Capital Markets: Challenges and Developments

Explained: Overseas BondExplained

Note4Students

From UPSC perspective, the following things are important :

Prelims level : Overseas bond

Mains level : Financial implications of Overseas bonds


Context

  • Finance Minister announced in her Budget speech plans to raise a portion of its gross borrowing from overseas markets.
  • The government and the RBI will reportedly finalise the plans for the overseas issue of sovereign bonds by September.
  • While several commentators have argued that this is a risky move, the government itself is convinced that it will help boost private investment in the country.

Bonds

  • A bond, also known as a fixed-income security, is a debt instrument created for the purpose of raising capital.
  • They are essentially loan agreements between the bond issuer and an investor, in which the bond issuer is obligated to pay a specified amount of money at specified future dates.

Overseas Bond

  • A government bond or sovereign bond is a form of debt that the government undertakes wherein it issues bonds with the promise to pay periodic interest payments and also repay the entire face value of the bond on the maturity date.
  • So far, the government has only issued bonds in the domestic market.
  • According to FM, India’s sovereign external debt to GDP ratio is among the lowest around the world, at less than 5%.
  • Against this background, the government will start raising a part of its gross borrowing programme in external markets in external currencies.

Why issue such bonds?

  • Government borrowing is at such a level that there are not enough funds available for the private sector to adequately meet its credit and investment needs.
  • If the private sector cannot borrow adequately, then it cannot invest as it wants to, and that cripples one major engine of economic growth.
  • Government borrowing accounts for about 80-85% of domestic savings.
  • The overseas borrowing programme allows the government to maintain its gradual reduction of the fiscal deficit.
  • Borrowing overseas allows the government to raise funds in such a way that there is enough domestic credit available for the private sector.

Pricing of the bonds

  • The appetite of the international market for Indian bonds and their price will say a lot about how India is viewed globally on the risk factor.
  • For example, if the rate at which India can borrow overseas is low, then this would mean the global market assigns a low risk to India defaulting.

Risks associated

  • Several economists have expressed their concerns over the fact that India might follow the path of some Central and South American countries such as Mexico and Brazil.
  • In the 1970s, several of these countries borrowed heavily overseas when the global market was flush with liquidity.
  • But then, when their currencies depreciated sharply a decade later, these countries were in big trouble as they could not repay their debt.
  • India is not likely to be viewed as a risky proposition by the international market and so is likely to fetch an attractive rate for the bonds.

I. Limitations on borrowing

  • Cheap and plentiful funds should not encourage the government to borrow too heavily from abroad.
  • Another risk to India from overseas borrowings is that this would lead to a quicker increase to its foreign exchange reserves, which would lead to a stronger rupee at a time when it is already appreciating against the dollar.
  • This would be an adverse outcome.

II. Uncontrolled Imports

  • A stronger rupee would encourage imports at a time when the government is trying to curb them, and discourage exports at a time when they are being encouraged.
  • On the other hand, rupee depreciation for whatever external reason would prove even more disastrous as it would make it far more expensive for India to repay its external debt.

III. Less Control over Inflation

  • Another problem with an overseas bond issue is that the government would not be able to inflate itself out of trouble.
  • That is, in the domestic market, if the government does ever reach the stage where it is finding it difficult to repay its debt, it can simply print more money, let inflation rise quickly and repay its debt.
  • This is not an option in an overseas bond issue.
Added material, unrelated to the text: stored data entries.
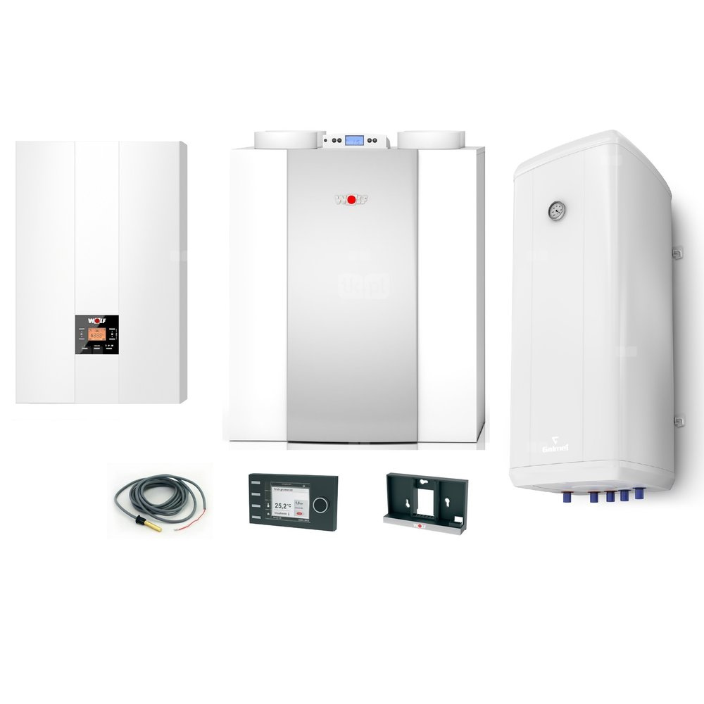 Pakiet - Kocioł gazowy jednofunkcyjny WOLF FGB-24 kondensacyjny wiszący 5.3-20.7 kW + Czujnik c.w.u. + Regulator BM-2 + Rekuperator CWL 400P + Zasobnik c.w.u Vulcan 120L wiszący
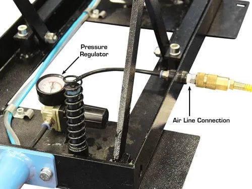 The Atlas WBAWL has several great features including three non-mar cone hangers which store the cones or quick release nut nearby. The WBAWL has four base mounted detent springs that ensures a controlled descent leveling speed. Finally, the base mounted air regulator helps to maintain the correct amount of pressure onto the pneumatic cylinder.
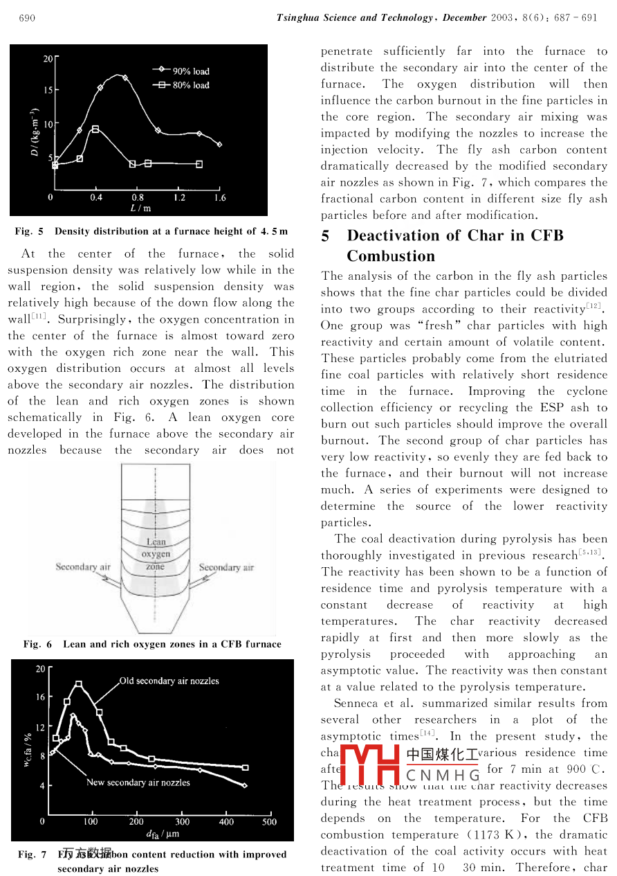 TSINGHUA SCIENCE AND TECHNOLOGYISSN1007-021408/21olume 8. Number 6. December 2003Unburned Carbon Loss in Fly Ash of cFB boilersBurning hard CoalU Junfu(呂俊復(fù)), WANG Qimin(王啟民), LI Yong(黎永)YUE Guangxi(岳光溪),YamY.Lee2, Baldur eliasson2,SHEN Jiezhong(沈解忠)3, YU Long(于龍1. Department of Thermal Engineering, Tsinghua University, Beijing 100084. China;2. Energy and Global Change Department, ABB Corporate Research Ltd, Switzerland3. Wuxi Boiler Works, Wuxi 214028, China;4. Harbin Boiler Works co. Ltd, Harbin 150040, ChinaAbstract: The unburned carbon loss in fly ash of circulating fluidized bed(CFB) boilers, most of which areburning active fuels such as lignite or peat, is normally very low. However, most CFB boilers in China usuallyburn hard coals such as anthracite and bituminous coal and coal wastes, so the carbon content in the fly ashfrom these boilers is higher than expected. This paper investigates the source of unburned carbon in the fly ashof CFB boilers burning hard coal through a series of field tests and laboratory investigations. The char behaviorduring combustion, including fragmentation and deactivation, which is related to the parent coal, has ant impact on the carbon burnout in Cb boilers. The research shows that char deactivation occursduring char burnout in fluidized bed combustion, especially for large particles of low rank coal. The unevenmixing of solids and air in the core region of the furnace also causes poor burnout of carbon in CFB fly ash. Anindex describing the volatile content (as dry ash free basis over the heating value is proposed to present theoal rank. The coal combustion efficiency is shown to be strongly connected with this coal index. Severalchanges in the CFB boiler design are suggested to reduce the unburned carbon loss in the fly ashKey words: circulating fluidized bed (CFB): unburned carbon loss; uneven mixing coal indexIntroductionChina. There are already more than eight hundredCFB boilers operating in China. Most smallAs a clean coal technology, circulating fluidized capacity CFB boilers (35-130 t/h steam capacitybed(CFB) technology has become a desirable and some large capacity CFB boilers (over 220 t/hchoice for both industrial boilers and power station steam output )are domestic technology while someboilers in China because of its flexible fuel large capacity CFB boilers are importedequivalents and low emission control costs. CFB technology. The combustion efficiency of CFBboiler development started in the early 1980s in boilers is reportedly very high. However,inChina, many CFB boilers burning hard coals, suchReceived:2002-04-25; revised:2002-07-03as anthracite and bituminous coal and coal wastesSupported by the National Key basic Research Speciahaund (No. 200026309), the Major Research Project of explthe Tenth-Five Plan (2001-2005) of China NoYHa中國煤化工 t in the fly ash thanNMHburned carbon IJU.avA aLut efficiency, so they are2001BA401A03),and Energy and Global Change less competitive than pulverized coal boilers in theDepartment, ABB Corporate Research LtdChinese boiler market. Furthermore, the highSwitzerlandcarbon content in the CFB fly ash limits the usage興共 To whom correspondence should be addressedEmal萬忘數(shù)據(jù) tsinghua.edu.cnof the fly ash as construction materials or as partialreplacement for cement.. Therefore, the carbonTel:86-10-62781559Tsinghua Science and Technology, December 2003, 8(6): 687-691content in the fly ash must be decreased to an basis, and Qar. net, p is the low grade heating valueacceptable level for the cement industryThe carbon content in the fly ash wcfa of theseThe carbon burnout in Chinese cfb boilers was cfb boileith the index i as sheinvestigated both in the laboratory and in the field Fig. 1. In addition, although the furnaceto identify the major factors affecting the formation temperature for anthracite combustion is higherof unburned carbon in the fly ashthan for the other coals, the carbon content in the1 Carbon Content in Fly Ash fromfly ash for anthracite is still the highest. Inaddition to these seven boilers. theCFB Boilers in Chinaexperience in China is that the low carbntentCFB boilers can be designed to burn almost any in fly ash from CFB boilers that burn anthracite iskind of solid fuel, which provides excellent fuel always suspectable. Even for some kinds offlexibility. But practical experience with Chinese bituminous, the carbon content in the fly ash isCFB boilers has shown that the carbon content in still relatively high, although the unburned carbonthe fly ash is not as low as expectedloss from the boiler is not very significant becauseData from seven selected chinese cfb boilersd from the highpresented in Tables 1 and 2. The feed coheating value bituminous coal. The lignite alwaysproperties are listed in Table 1, while the carbon burns out easily in the CFB boilers. The volatilitycontent in the fly ash and boiler operating index represents the ratio of easily burnt volatilesparameters are listed in Table 2.to combustible matter in the coal. The volatile2 Relation Between Coal Propertieslonger residence time to burn out in the CFBand Fly ash Carbon ContentThe carbon content in the fly ash is strongly 3 Cyclone Performancesrelated to the coal type. Coal in Boilers A and Glignite, coal in Boiler B is anthracite, C is low rank Fine char particles elutriated from the dense bedbituminous,D is lean coal, and coal in Boilers e are the major source of fly ash with high carbonand F is bituminous. An index I was defined to content. Most people believe that cyclonerelate the volatile content (as dry ash free basis )to performance is the key to improving carbonthe heating valueburnout. At low combustion temperatures, thecombustion rate is lower than that in pulverized(1)combustion boilers. Longer residence time iswhere wv, daf is the volatile content as dry ash freeTable 1 Properties of feed coal burned in seven Chinese CFB boilersboiler(MJ·kg)34.362.

The Indian government cannot print foreign currency to repay its debt.

IV. Impact on Domestic market

  • According to the government’s own reasoning, there are not enough funds in the domestic market to cater to its needs as well as those of the private sector.
  • This shallowness of the bond market is not a good thing, especially at a time when the government needs the bond market to finance several of its commitments.
  • The Ujwal Discom Assurance Yojana (UDAY) scheme, for example, involves State governments taking over the debt of State power distribution companies and issuing bonds to repay that debt.
  • A shallow bond market would make it difficult for the government to expand any of these schemes.

Conclusion

  • Ideally, the government should have enough revenue that it does not need to borrow as much.
  • However, at a time when both direct and indirect tax collections have disappointed, the government is forced to borrow to finance its expenditure.
  • In such a scenario, it is a welcome move for the private sector that the government is leaving it room to borrow in the domestic market.